- Employer of Record (EOR):
- EOR acts as the legal employer for your international employees. When you hire employees in a foreign country through an EOR, the EOR takes on responsibilities such as payroll processing, tax withholding, benefits administration, and compliance with local labor laws and regulations.
- EOR services are typically used when a company wants to quickly and compliantly hire employees in a new country without setting up their own legal entity. It offers a flexible solution for businesses looking to expand globally without the administrative burdens of establishing local entities.
- Professional Employer Organization (PEO):
- PEOs also provide comprehensive HR solutions for businesses, but they operate differently from EORs. When you partner with a PEO, your company and the PEO become co-employers of your international employees. This means that while you retain control over day-to-day operations and management of your employees, the PEO handles HR functions such as payroll, benefits, compliance, and risk management.

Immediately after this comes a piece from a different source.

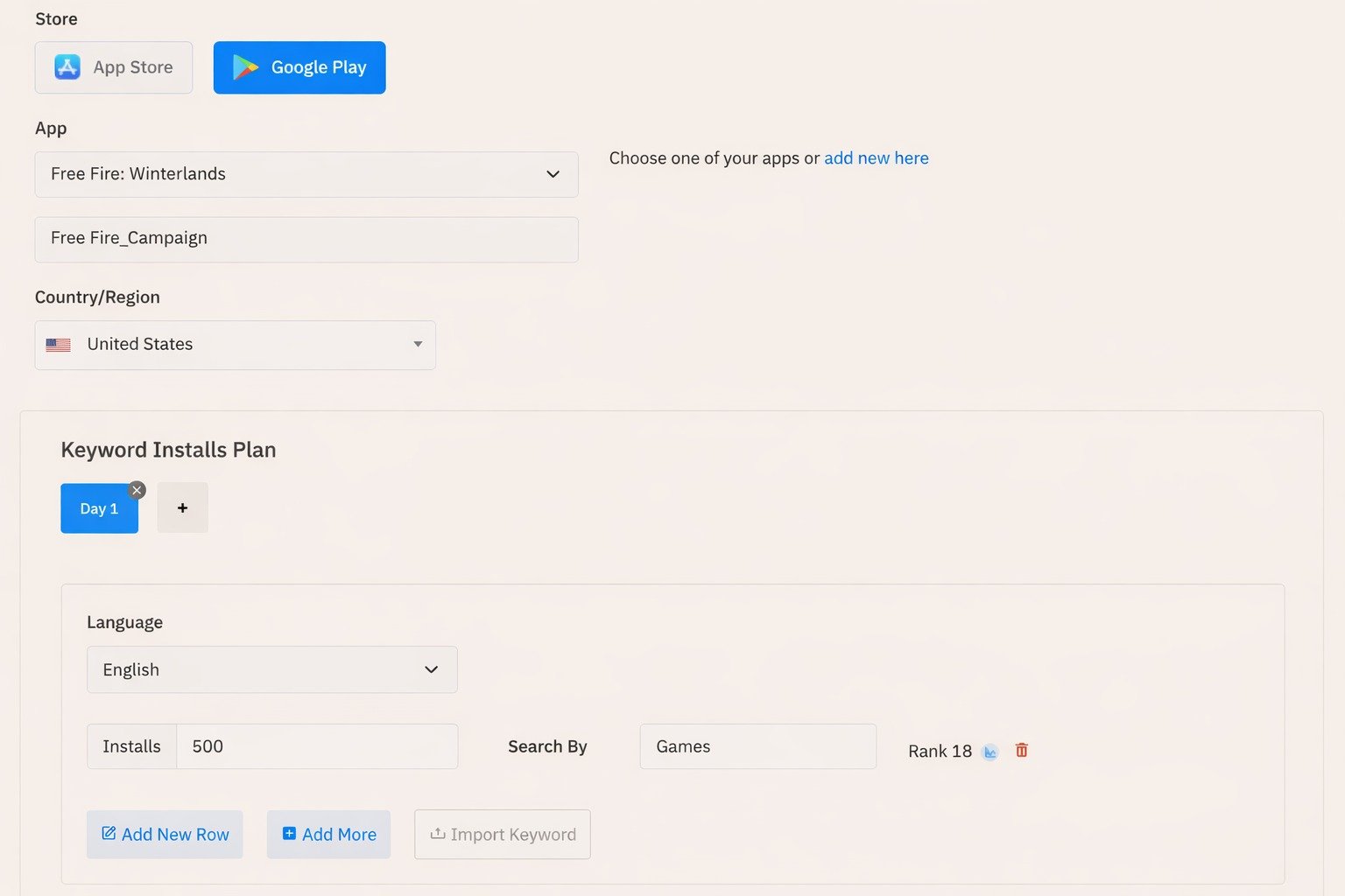 Google Play Keyword Installs
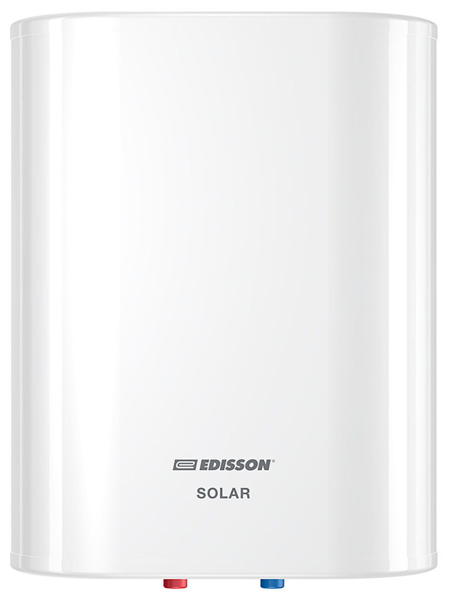Электрический водонагреватель Edisson Solar 30 V имеет объем 30 литров. Он имеет лаконичный белый цвет, благодаря чему его можно установить в любом интерьере. Он может быть установлен вертикально. Устройство имеет плоскую прямоугольную форму и внутреннее покрытие из нержавеющей стали, что защищает его от коррозии. Водонагреватель может нагревать воду до 75 градусов благодаря мощности 2 кВт. Благодаря функции ускоренного нагрева, время, требующееся на подогрев воды, уменьшается.

- PEOs often offer a broader range of services beyond international employment, including HR consulting, employee training, and regulatory compliance assistance. They are commonly used by businesses seeking to outsource their HR functions and reduce administrative overhead, both domestically and internationally.
In summary, the main difference between EOR and PEO lies in the legal relationship with employees. EOR acts as the legal employer, while PEO operates as a co-employer alongside the client company. Both options provide valuable support for global expansion, but the choice between them depends on factors such as legal requirements, operational preferences, and the level of control desired by the business.